The first newspaper in Iowa City was issued on June 10, 1841. The Iowa City Standard was this weekly’s name – leaning politically toward the Whig and Republican party. Six months later – December 6, 1841 – The Iowa Capitol Reporter was in print as well – a Democratic-slanted paper – just to make everything equal!
The editors of these two Iowa City papers – Thomas Hughes and William Crum – were hard-nosed newspaper men during the earliest days of Iowa City. Crum, who teamed up with W.D. Bailey from Bloomington, is credited with starting The Standard, and Hughes was quick to follow, teaming with V.P. Van Antwerp, to roll out The Capitol Reporter.
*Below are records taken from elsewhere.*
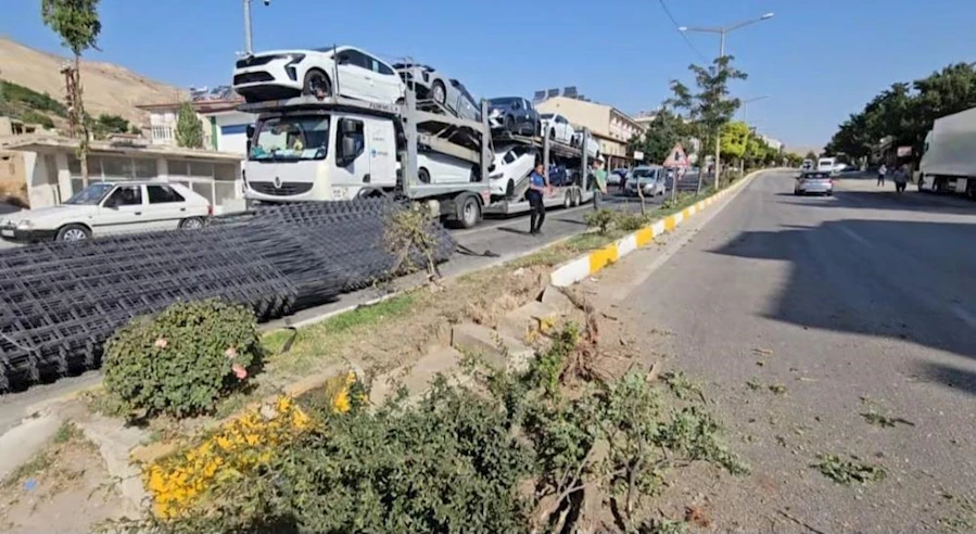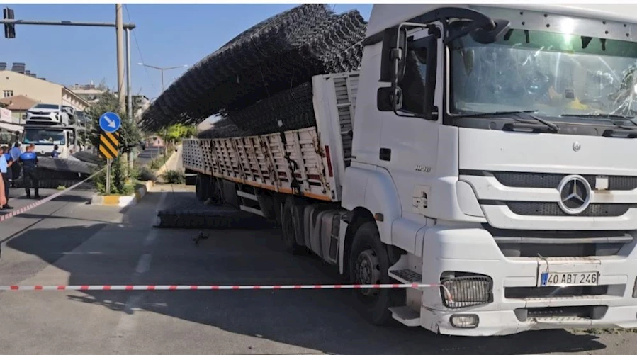 Malatya'nın Darende ilçesinde hasır demir yüklü bir aracın kontrolden çıkarak karşı şeride geçmesi sonucu meydana gelen kazada, yola savrulan malzemeler paniğe neden oldu.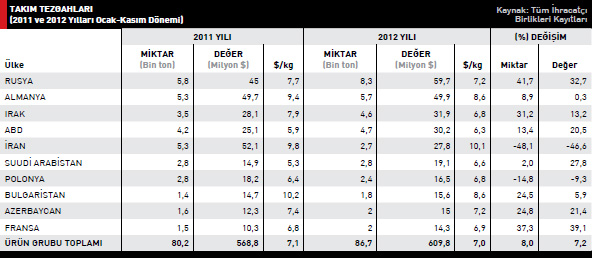 Rusya’ya 2011 yılının Ocak-Kasım döneminde 31,8 milyon dolarlık ihracat gerçekleştirirken bu rakam 2012 yılının aynı döneminde yüzde 37,6artışla 43,8 milyon dolara yükseldi. Listeninüçüncü sırasında bulunan Cezayir’e2012 yılının Ocak-Kasım döneminde birönceki yılın aynı dönemine göre yüzde810,9 artışla 43,8 milyon dolarlık ürün ihraç edildi.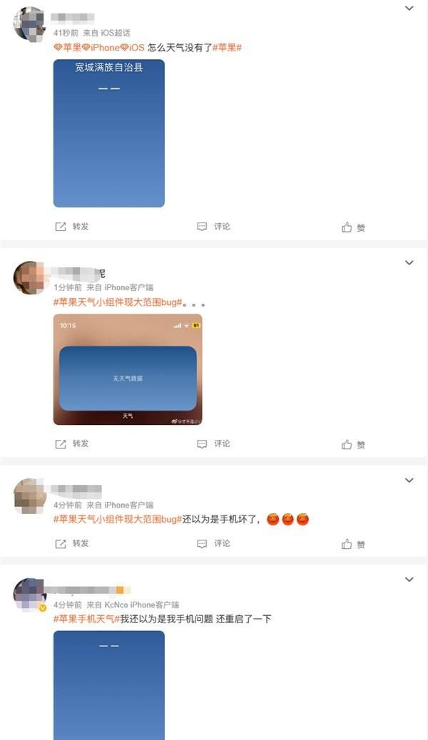 iPhone近日出现了大面积BUG,iPhone上自带的天气App崩了,覆盖范围极广,几乎身边每一位用户都出现了。

Sadly, very few copies of Crum’s first edition seem to have survived, but we do know that one of The Standard’s top stories during those first few months of publication happened only ten days later – June 20, 1841 – when Captain Dan Jones steered The Ripple up the Iowa River, becoming the very first steamboat to dock in Iowa City.
And of course, the biggest news story of all came in December 1841 when the Iowa State Legislature finally made the big move from Burlington to Iowa City. On December 6, Iowa City “officially” became the new Territorial capital and both The Standard and The Capitol Reporter were there to cover the story.